Exorcizar nuestra piel muerta

El cuerpo como registro de lo que sucede, como el recuerdo del miedo o la angustia. Hemos dejado de pensar en el cuerpo que nos envuelve, en la memoria que éste constituye. Lo hemos mal maquillado para hundirlo en el olvido propio mientras solo y tan solo vivimos en el afuera obnubilados. Mas el cuerpo de Lucas se refriega desesperado en la tierra buscando a la lombriz o la araña, únicos sobrevivientes de la catástrofe de habernos perdido.

Esta, una de las tantas aristas que aborda la novela de la joven escritora ecuatoriana Natalia García, “Nuestra piel muerta”. Lucas, el hijo pródigo de una familia acomodada vuelve a casa después de años de extrañamiento; retorna buscando un padre suyo, horror suyo. Vuelve al Origen pero no al bíblico, a aquel que nos enseñaron por generaciones; retorna al relato pre religioso, antes de que este libro mítico nos hiciese olvidar el génesis de los insectos (demonizados como putrefactos); que ignoró por siglos el préstamo que hizo de otras historias de diluvios y desconoció la presencia de diosas y brujas sabias.
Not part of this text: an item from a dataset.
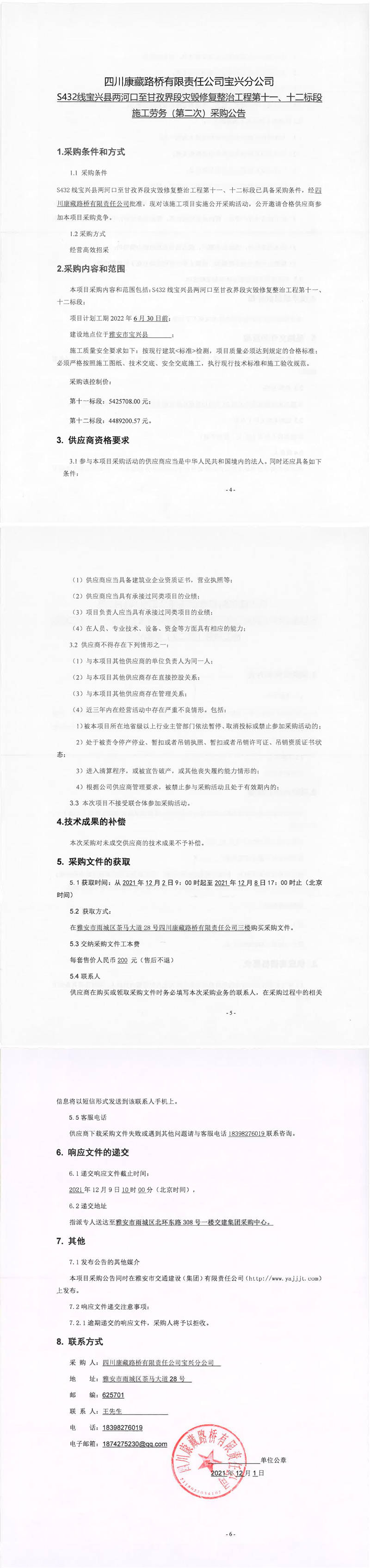 四川康藏路橋有限責(zé)任公司S432線寶興縣兩河口至甘孜界段災(zāi)毀修復(fù)整治工程第十一、十二標(biāo)段施工勞務(wù)(第二次)采購公告

Tras largos años, la casa de Lucas ha sido invadida por extraños -los viejos y burdos trabajadores de su padre- por nuevas presencias rastreras. Su familia, sinónimo de Pueblo, Nación o Territorio, no existe ya como tal y nuestro personaje es tentado a buscar el exilio perpetuo, el extrañamiento -salir de su lugar- que nos instiga a inventar nuevos relatos. La vuelta resulta metafóricamente en el retorno erótico y sensorial a la Tierra, a la Madre tierra, a los afectos y a sus húmedas entrañas.

Lo que se dice, lo que se piensa, lo que se insinúa o calla en esta fascinante novela, nos obliga como lectores a execrar el relato bíblico patriarcal, orientador de un sistema económico y político maledicente, vivido a diario. “… la calma de Dios era un maldito cuerpo vacío”. Nos persuade a re inventar nuevas formas de pensamiento, no sin desconocer el dolor de hacerlo, un dolor que nos desgarraría la piel pero que nos llevaría a entregarnos a esta tierra (la madre) de la que nos desconectamos hace siglos. Lucas busca encontrar un lugar de salvación a través de un cuerpo -el suyo propio- que se descompone y se recompone a la vez.
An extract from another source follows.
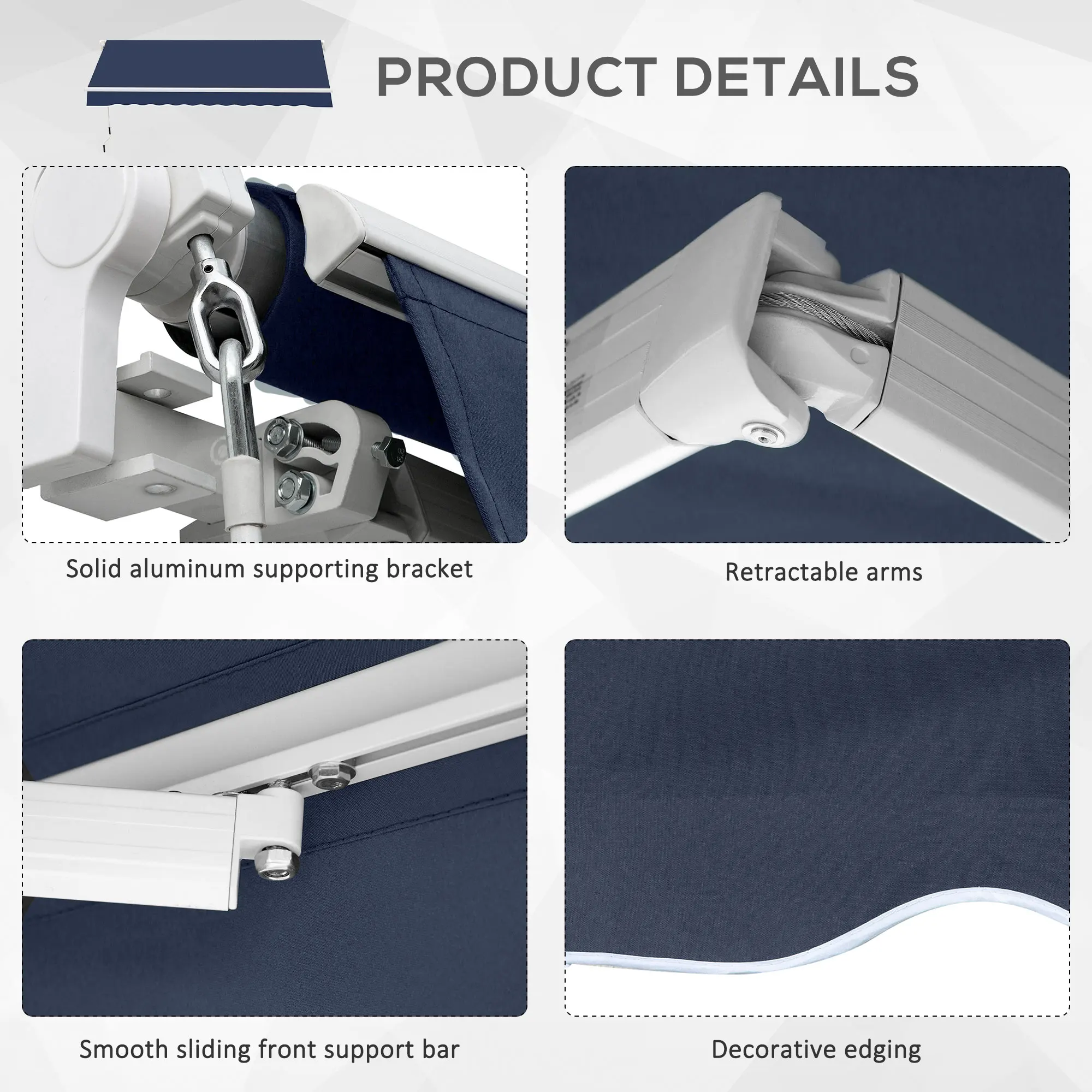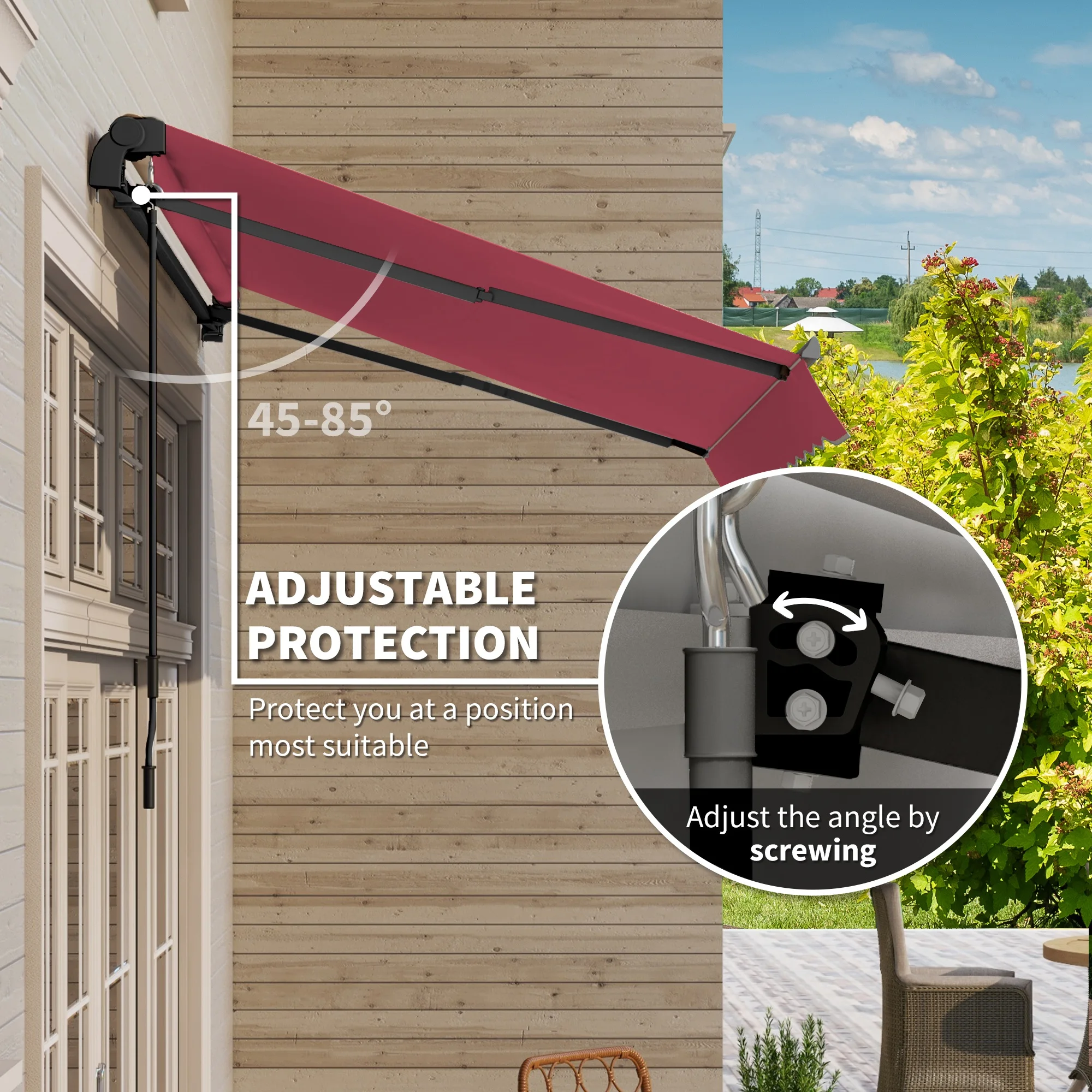 Outsunny 10' x 8' Retractable Awning, Patio Awnings, Sunshade Shelter w/ Manual Crank Handle, for Deck, Balcony, Yard

Mínimas, mínimas esperanzas de una Humanidad flagelada por el poder macho, abandonada por su agonizante madre tierra, y el conocimiento con afecto (que protagoniza el profesor Erlano en la novela). Los insectos son los únicos que nos sobreviven, que prescinden de nosotros, que se re acomodan en cualquier tierra y lo harán hasta que encontremos -si lo hacemos- la clave para vivir distinto. “… todos los hombres de la tierra no somos más que hijos de arcilla timoratos y agrietados que deambulamos por la vida ya sin brazo, ya sin pierna, ya deformes. Aunque nadie nos pueda ver”. Un clamor a exorcizarnos.